Buying put options on the stock you sold at a loss is unlikely to trigger a wash sale, because puts are treated as hedges, not replacements. However, this is a gray zone, and the IRS's position is not entirely clear. To be safe, consult a tax professional if you plan to buy puts after realizing a stock loss.

Can I sell a covered call at a loss and claim the loss as a capital loss?

If you sell (write) a covered call on shares you own and the call expires worthless, you realize a loss on the call premium. This loss is generally treated as a capital loss. However, if you buy the underlying stock within 30 days of selling the call at a loss, a wash sale is triggered, disallowing the loss.

Do different expiration dates for call options trigger wash sales separately?

Generally, all calls on the same underlying stock are treated as substantially identical, regardless of expiration date.

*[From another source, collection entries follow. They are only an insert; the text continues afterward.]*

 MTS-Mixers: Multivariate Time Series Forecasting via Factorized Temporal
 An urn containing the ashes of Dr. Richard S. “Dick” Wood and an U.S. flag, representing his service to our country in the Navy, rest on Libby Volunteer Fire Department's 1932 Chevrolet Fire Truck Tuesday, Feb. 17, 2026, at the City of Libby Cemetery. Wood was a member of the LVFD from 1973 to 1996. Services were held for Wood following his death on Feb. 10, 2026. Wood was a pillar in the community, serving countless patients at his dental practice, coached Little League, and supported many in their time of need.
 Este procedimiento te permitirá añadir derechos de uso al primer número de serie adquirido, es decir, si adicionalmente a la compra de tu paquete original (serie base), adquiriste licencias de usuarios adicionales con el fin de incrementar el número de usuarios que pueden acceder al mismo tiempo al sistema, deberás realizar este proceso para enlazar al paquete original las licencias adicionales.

If you sell the stock at a loss and buy calls (of any expiration) within 30 days, a wash sale is triggered. The wash sale applies to all replacement calls, not just those with the same expiration.

What is the holding period for an option acquired through a wash sale adjustment?

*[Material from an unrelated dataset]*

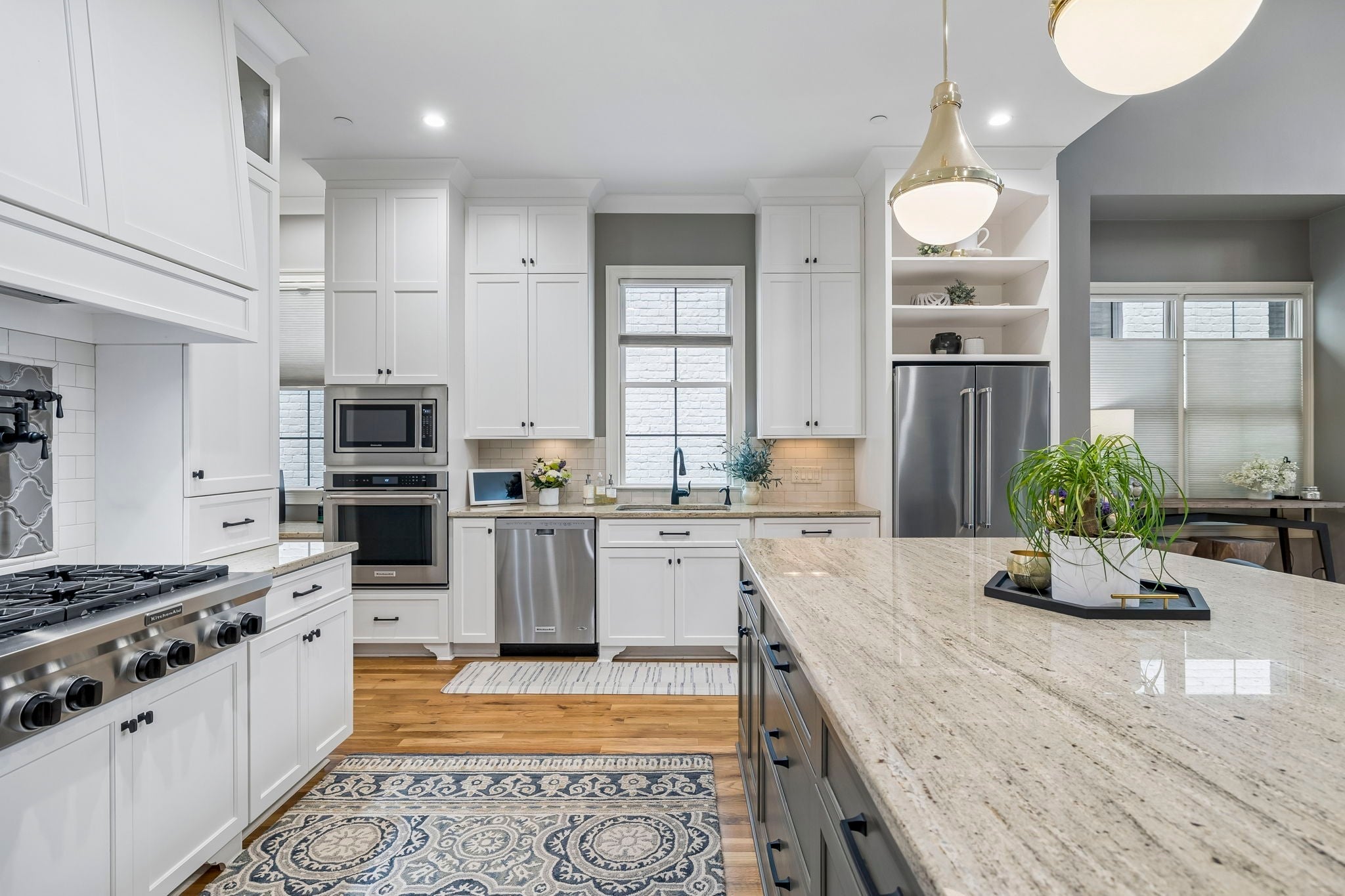 - Oven, Gas Range, Dishwasher, Microwave, Stainless Steel Appliance(s)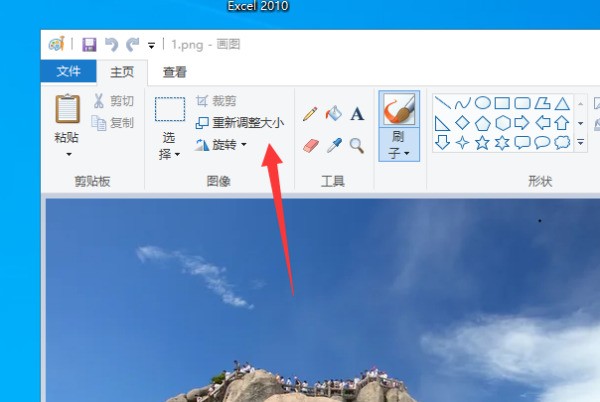 3、在画图软件最上方图像选项卡上根尔千参球守有一个重新调整图片大小选项。我们点击选择它。可以看到就蹦出来一个设置图片大小的对话框。

The holding period for an option acquired through a wash sale adjustment (as a replacement security) starts on the date you purchase the option, not the date of the prior stock sale. If you buy a call option on June 15 as a replacement for a stock sold on June 1, your holding period in the call starts June 15.

Can I avoid a wash sale by buying a put instead of a call after selling stock at a loss?

In most cases, yes. Buying put options does not trigger a wash sale for a prior stock loss. However, if the IRS challenges the characterization of the put as a hedge vs. a replacement, you could face issues. For a conservative approach, wait more than 30 days if you are concerned.

Does exercising a call option that was acquired through a wash sale adjustment inherit the adjusted basis?

Yes. If a call option was acquired as a replacement in a wash sale (with adjusted basis), and you later exercise the call to buy the stock, the adjusted basis of the option is typically rolled into the cost basis of the acquired stock.

What if I own call options on a stock and then sell the underlying stock at a loss?

If you own call options and sell the underlying stock at a loss, you have not triggered a wash sale by the sale alone. However, if you buy more stock (or more calls) within 30 days, a wash sale may be triggered for the stock sale.

Summary

Options are subject to wash sale rules, with call options treated as substantially identical to their underlying stock. Selling stock at a loss and buying calls within 30 days triggers a wash sale, disallowing the loss and adjusting the call option basis. Selling calls at a loss and buying the underlying stock also triggers a wash sale. Put options are generally treated as hedges and do not trigger wash sales for underlying stock losses, though selling puts at a loss and buying the stock may create a wash sale situation. Writing covered calls on stock you own does not trigger a wash sale, but buying stock within 30 days of a prior loss and writing calls creates potential complications. Track option wash sales carefully and allocate disallowed losses to the option cost basis.